That's why I love this place: people realize that they want to have an internally consistent world and that people might think they are breaking with their internal consistency. And others help in spotting these "problems" and helping authors of any kind to come up with ideas that fit into their world.

I love reading about the different ideas people have and seeing the level of detail people put into their work. The reason I ended up with an account on WorldBuilding.SE, which is the first site on the SE-network where I had an account, was the Anatomically Correct Series.
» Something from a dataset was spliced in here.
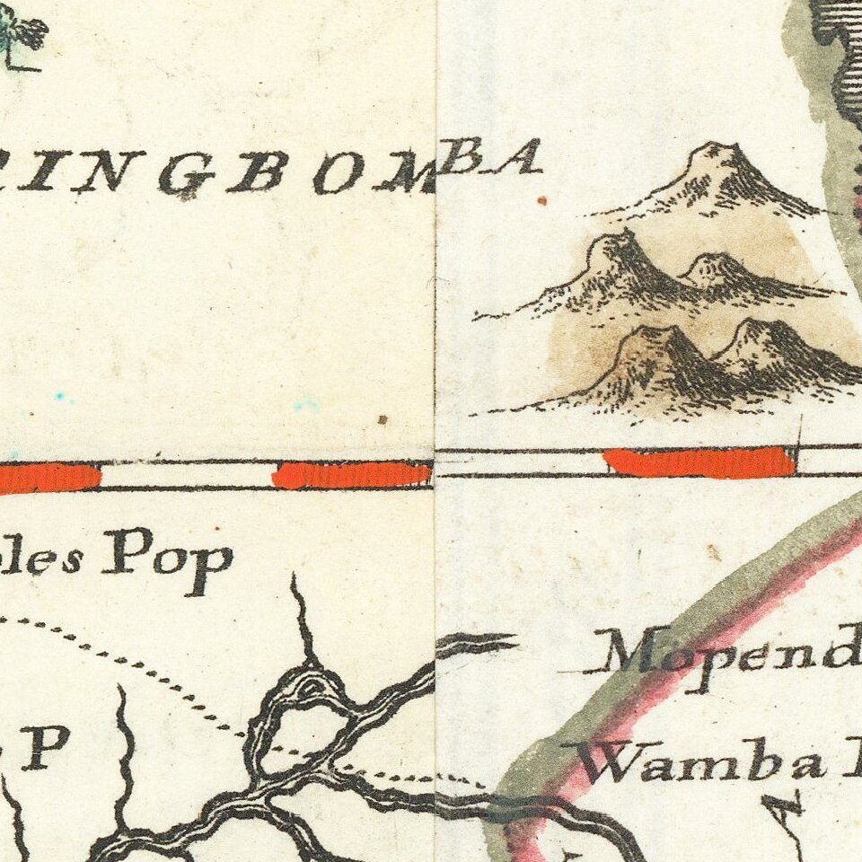 Beside the fascinating detail, the maps are richly decorated with animals and scenes of horsemen in combat or hunting the animals. The large title cartouche on the west sheet is surrounded by several indigenous animals including ostrich, crocodile, lions, elephant and camel. On the other sheet is a large scene in Central Africa with an angel blowing a trumpet, while another holds the corner of the tent and a scribe standing on a globe records information concerning the origin of the Nile on the side of the tent. Also included in the scene is an allegorical figure representing Father Nile with the river flowing from his overturned urn.

In the beginning I asked a few questions and tried to answer some things, too. Later I realized that most of my answers and questions don't really meet the quality standards that I would love to see on the site and posting stuff became rarer. Together with the following points this leads to my last answer being written on 2nd of February and my last question being asked on 13th of April. So I haven't really posted anything in roughly half a year.

After some time I realized that I can contribute to the site by editing posts. I may not be a native speaker and my english is far from perfect, but I can still spot quite a few typos and typical grammatical problems. I like to feel that helping others by checking their grammar and making sure that their questions are well-received by the community is a good way of contributing, too. Even if it doesn't award reputation once you cross the 2k mark, which was important for me to edit faster without having people approve my edits first.

Another way to help others is to give some feedback in the Sandbox and I think this is a great feature and the existence of the Sandbox shows that the community of this site cares about helping people post good questions instead of just closing everything as some people think.

I also love to check out the chat. There are a lot of weird and funny conversations going on regularly. I tend to have a tab with the chat open most of the time and regularly checking if something interesting happened.

All in all, I am more of a reader, than a writer. And there's a lot of interesting stuff to read and learn on this site.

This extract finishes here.